Both Raman and Daisy are the particular persons who symbolize the general without loss of individuality. Raman cares for his craft and his independence, and is quite happy to leave social causes to others. He has his books which include Plato, Dickens and Gibbon, his view of the river Sarayu, his friends at the cafe. Raman agrees to travel with Daisy round the neigh­bouring villages, painting signs to advocate birth control, not because he is converted to the cause, but because he finds her irresistible. Love, he decides, “deadens the wits and makes one dumb”. He daydreams briefly of fouling up her campaign by copulating with women in all the villages and thus ensuring that Daisy’s targets of a five per cent reduction in the birthrate is not achieved. Raman and Daisy are the typical Narayan characters, who can tolerate one another for a short time only. Daisy leaves to campaign in another district:

“I have told you, five thousand men and women have to be taken care of immediately. After that they may move me elsewhere – even to Africa. I cannot afford to have a personal life”.

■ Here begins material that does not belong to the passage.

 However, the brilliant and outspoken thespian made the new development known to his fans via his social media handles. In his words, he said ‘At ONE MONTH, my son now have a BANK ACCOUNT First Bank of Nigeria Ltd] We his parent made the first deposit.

Daisy is like the 19th century English missionaries. Raman settles into his Malgudi niche, a niche in which people mind their own business.

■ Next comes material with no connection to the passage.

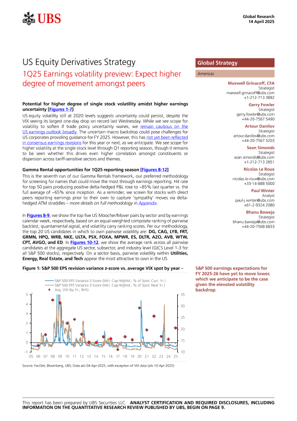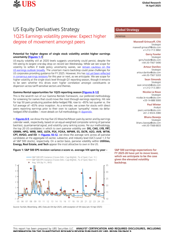 【UBS Securities LLC】【20250414】US Equity Derivatives Strategy _1Q25 Earnings volatility preview-13页

            The Painter of Signs is a book in which people act within the roles they have been allotted, leaving little room for ambiguity, but Narayan never reduces them to mere pawns. Narayan is a profound lover of humanity; he portrays with sympathy life in Malgudi in all its flaws and frivolities from a comic point of view, laughs and makes his readers laugh at the silly human follies and foibles, for indeed man is a toy in the hands of fate. Narayan’s view of life is one of practical wisdom; and he treats human sentimentalism, selfishness, manners and meanness, with sympathy and compassion. Narayan’s The Painter of Signs evokes the atmosphere of orthodox middle-class life and society.

In The Painter of Signs, Narayan achieves much of his art through economy, which he has in masterly measure. His is a prose tailored exactly to the task at hand, a prose without ego. One still discerns that Narayan has a true subject in The Painter of Signs: the incursion of the modern on the traditional, the primitive Indian subject. His is the comedy that cuts deep, yet does not bruise. One of the nice things about having settled morals, Virginia Wolfe once remarked, is that at least one knows what to laugh at. Also she might have added, what to cry about. Narayan knows both things. He is a novelist with a point of view, a moral centre, which is firmly anchored. Of his principle character he notes:

“He had a general philosophy of books – all the classifications that mattered was good books and bad books”.

One lays down Narayan’s The Painter of Signs with no hesitation about in which class it goes. Undoubtedly it belongs to a category of “good books”.